##### Given data

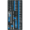 Комплектация- Ложемент.- Головки и принадлежности 1/4":* Головка торцевая стандартная шестигранная серии 2335M 4, 4.5, 5, 5.5, 6, 7, 8, 9, 10, 11, 12, 13, 14 мм.* Головка торцевая TORX Е-стандарт серии 2375M E4, E5, E6, E7, E8.* Отвертка вороток, двухкомпонентная ручка серии 2178DF 150 мм.* Вороток скользящий серии 2571-45 115 мм Удлинитель серии 2221 50 мм.* Удлинитель, 15 градусов, с шаровым окончанием, серии 2293 100 мм, 150 мм.* Кардан серии 2792 1 шт.* Трещотка флажковая с кнопкой серии 2771-55G 24 зубца, 140 мм.- Головки с запрессованными вставками 1/4", длина 37 мм:* Крестовые Philips, серии 2031 PH1, PH2, PH3, PH4.* Шлицевые Slotted, серии 2032 4, 5.5, 6.5, 8, 10 мм.* Торкс TORX, серии 2033 T8, T9, T10, T15, T20, T25, T27, T30, T40.* Шестигранники HEX, 5 мм, серии 2035 H3, H4, H5, H6, H7, H8, H10.- Упаковка.
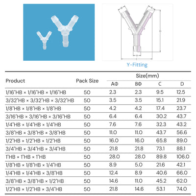 Lifemeta™ SF Polypropylene(PP) Pharmaceutical Y Fittings 3-Way Joint 50/pk
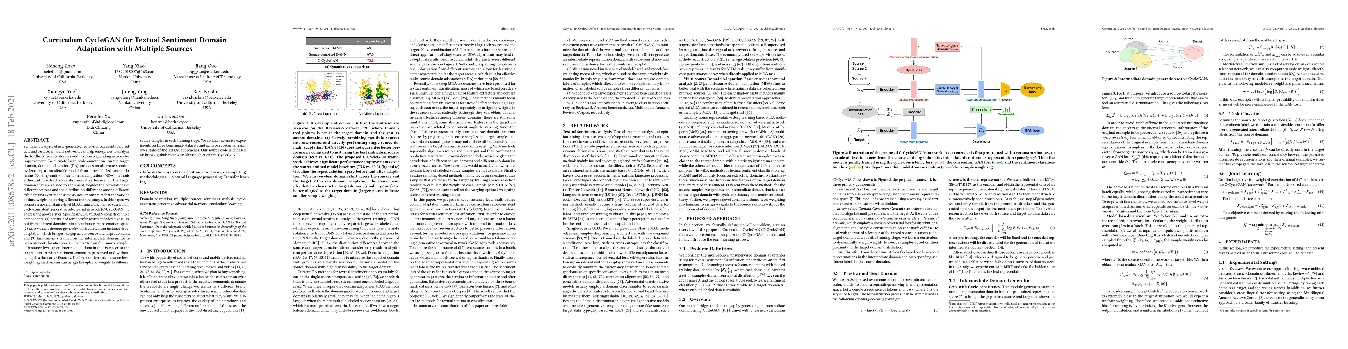 This paper proposes a novel domain adaptation framework called Curriculum CycleGAN to improve sentiment analysis performance on target domains with limited labeled data. It achieves substantial gains over state-of-the-art approaches through instance-level adaptation and dynamic weighting mechanisms.
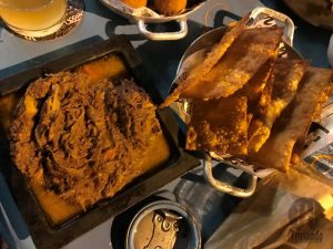 Pedimos porções para comer, charcutaria (jamón serrano e a tradicional linguiça artesanal do Gijo, acompanha queijo Campo Redondo e suíço gruyére, servida com pão e manteiga temperada), R$ 45, e ceviche (peixe branco no sumo de frutas cítricas, com pimenta dedo de moça, coentro, cebola roxa, tomate e crispy de couve), R$ 20, mas o garçom informou que a cozinha já tinha encerrado, mesmo assim anotou os pedidos e verificaria o que poderia fazer.

##########

Task:
Any picture in the material is to be dropped; the rest is repeated exactly.

Task result:
 Комплектация- Ложемент.- Головки и принадлежности 1/4":* Головка торцевая стандартная шестигранная серии 2335M 4, 4.5, 5, 5.5, 6, 7, 8, 9, 10, 11, 12, 13, 14 мм.* Головка торцевая TORX Е-стандарт серии 2375M E4, E5, E6, E7, E8.* Отвертка вороток, двухкомпонентная ручка серии 2178DF 150 мм.* Вороток скользящий серии 2571-45 115 мм Удлинитель серии 2221 50 мм.* Удлинитель, 15 градусов, с шаровым окончанием, серии 2293 100 мм, 150 мм.* Кардан серии 2792 1 шт.* Трещотка флажковая с кнопкой серии 2771-55G 24 зубца, 140 мм.- Головки с запрессованными вставками 1/4", длина 37 мм:* Крестовые Philips, серии 2031 PH1, PH2, PH3, PH4.* Шлицевые Slotted, серии 2032 4, 5.5, 6.5, 8, 10 мм.* Торкс TORX, серии 2033 T8, T9, T10, T15, T20, T25, T27, T30, T40.* Шестигранники HEX, 5 мм, серии 2035 H3, H4, H5, H6, H7, H8, H10.- Упаковка.
 Lifemeta™ SF Polypropylene(PP) Pharmaceutical Y Fittings 3-Way Joint 50/pk
 This paper proposes a novel domain adaptation framework called Curriculum CycleGAN to improve sentiment analysis performance on target domains with limited labeled data. It achieves substantial gains over state-of-the-art approaches through instance-level adaptation and dynamic weighting mechanisms.
 Pedimos porções para comer, charcutaria (jamón serrano e a tradicional linguiça artesanal do Gijo, acompanha queijo Campo Redondo e suíço gruyére, servida com pão e manteiga temperada), R$ 45, e ceviche (peixe branco no sumo de frutas cítricas, com pimenta dedo de moça, coentro, cebola roxa, tomate e crispy de couve), R$ 20, mas o garçom informou que a cozinha já tinha encerrado, mesmo assim anotou os pedidos e verificaria o que poderia fazer.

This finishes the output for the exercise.